Après l’été, Maman et moi avons repris le chemin de retour vers l’Europe, un nouveau voyage en bateau. Fulek est resté sur place, le temps de liquider l’affaire qu’il avait créée, un pressing. Il rentrera un peu plus tard. De retour à Paris, j’ai repris le chemin du lycée et Maman est allée travailler dans un atelier de confection. Quand il est rentré, comme il était souffrant, ils ont décidé de changer d’activité. Ils ont repris un commerce d’alimentation. Nous avons déménagé dans un appartement proche du commerce. Cette fois nous avions tout  le confort sauf le téléphone. Il faudra encore quelque temps.

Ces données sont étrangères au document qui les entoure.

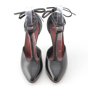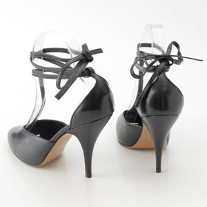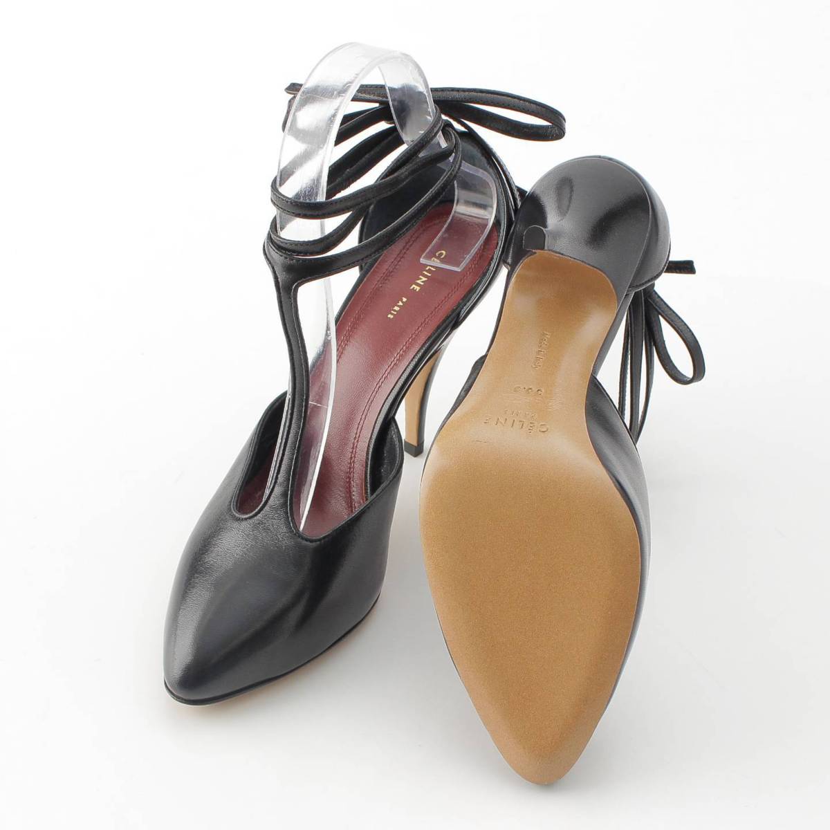 [Celine] Celine Phoebe T-strap ribbon leather pumps heel black 36.5 [Used] [Authenticated and genuine product guaranteed] 213611
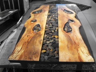 Vous devez d’abord fabriquer un cadre de table en bois ou en métal et la base du plateau. Cela peut être une toile solide pour la coulée, ou des pièces individuelles qui seront posées dans le cadre de la future table, seules les ouvertures et les coins seront coulés. Le résultat dépend de quels blancs utilisez-vous pour les bases. De cette façon, vous pouvez obtenir l’imitation d’un ruisseau, d’une rivière, d’un ravin inondé ou d’un relief fantastique.
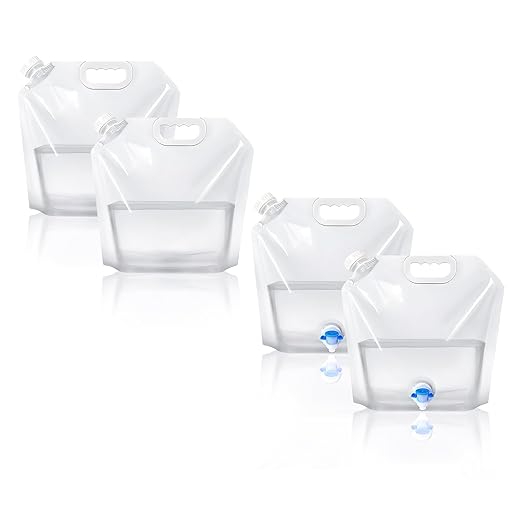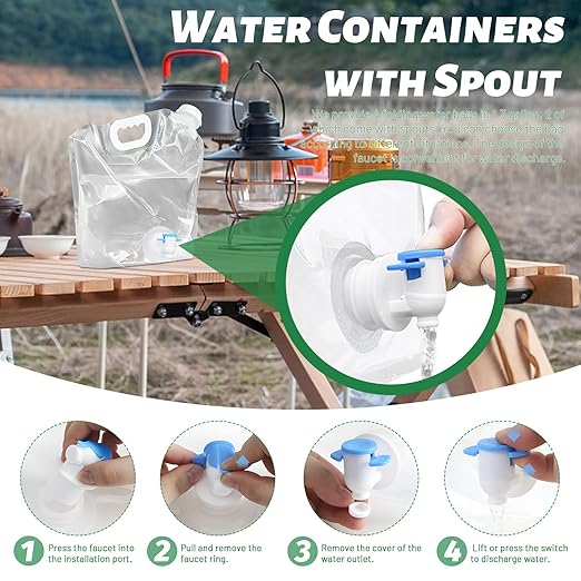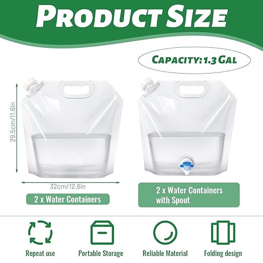 - 【Meet Your Different Needs】 We provide 4 folding water bags in 1.3 gallon, 2 of which come with spouts. You can choose the bag according to different situations. The design of the faucet is convenient for water discharge.
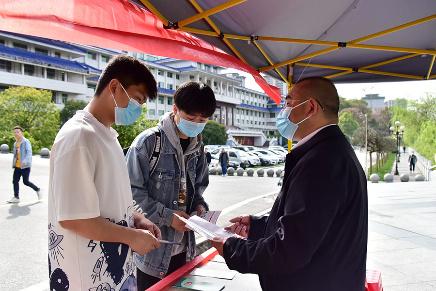 工行恩施支行工作人员和学校财务处、学工处、校团委等部门人员在大学生广场设置宣传咨询点,向过往师生发放金融知识宣传单,宣讲金融消费者基本权利,引导在校学生树立理性消费、珍惜信用的金融理念,提升金融风险防范意识、信用保护意识和使用现代金融服务的能力。

En août 1953, la famille Brod est aussi revenue à Paris, le noyau dur de ma famille était reconstitué. Grâce aux efforts de ma famille, j’ai pu faire des études. Je suis diplômée du tourisme. En 1960, je travaillais dans une agence de voyage et j’ai pu m’offrir un beau circuit en Grèce et en Israël. C’est là que j’ai rencontré des amis d’enfance de ma mère. Ses meilleures amies, des sœurs jumelles, qui ont pu lui donner quelques détails sur la vie de sa famille. Elles avaient espéré que la plus jeune de ses sœurs avait peut être survécu. Malheureusement non. L’un de ses frères avec son enfant se sont noyés en tentant d’échapper aux soldats allemands qui les poursuivaient. Quelle émotion ! J’ai aussi fait la connaissance d’un de ses amis, à l’époque, journaliste au Maariv, qui m’a emmenée dans sa tournée au nord d’Israël. Ils n’ont échappé au massacre que parce qu’ils ont pu sortir de Tarnow assez tôt. Ils n’ont pas été enfermés dans le ghetto. Ils ont traversé l’Europe, la Russie, pour atteindre la Palestine.

Nous n’avons rien su de ce qu’il était advenu de la famille de mon père à Radom. Le ghetto a été entièrement liquidé. En relisant ces lignes, je reste très nostalgique quand je réalise combien de membres de ma famille ont disparu, combien d’enfants ont été assassinés.

Je suis toujours en contact avec la famille américaine, en particulier avec la fille et maintenant avec la petite-fille de l’oncle de Maman (côté paternel). Nous nous retrouvons de chaque côté de l’Atlantique à l’occasion de mariages par exemple. A Paris, la famille s’est légèrement agrandie grâce aux mariages et aux naissances mais nous sommes loin des familles nombreuses d’antan.

Et maintenant, 1961, ma vie va changer, c’est l’année de mon mariage. A mon retour de voyage en janvier 1961, je suis allée à la W.I.S.O., Women International Sionist Organisation, section jeunes. Les mères juives souhaitaient que leurs adolescents se rencontrent. C’est là que j’ai fait la connaissance d’Edmond Eichel. Il est né en 1936. Son enfance, sa vie pendant et après la guerre, très semblables à mon histoire, nous ont rapprochés. Nous nous sommes mariés le 1er  décembre 1961 à la mairie du 20ème de Paris et le dimanche 3 décembre, à la synagogue de la rue Montevideo à Paris 16ème. Nous avons eu deux enfants, un fils, Frédéric né le 12 juin 1964, puis une fille, Patricia, née le 18 juillet 1965.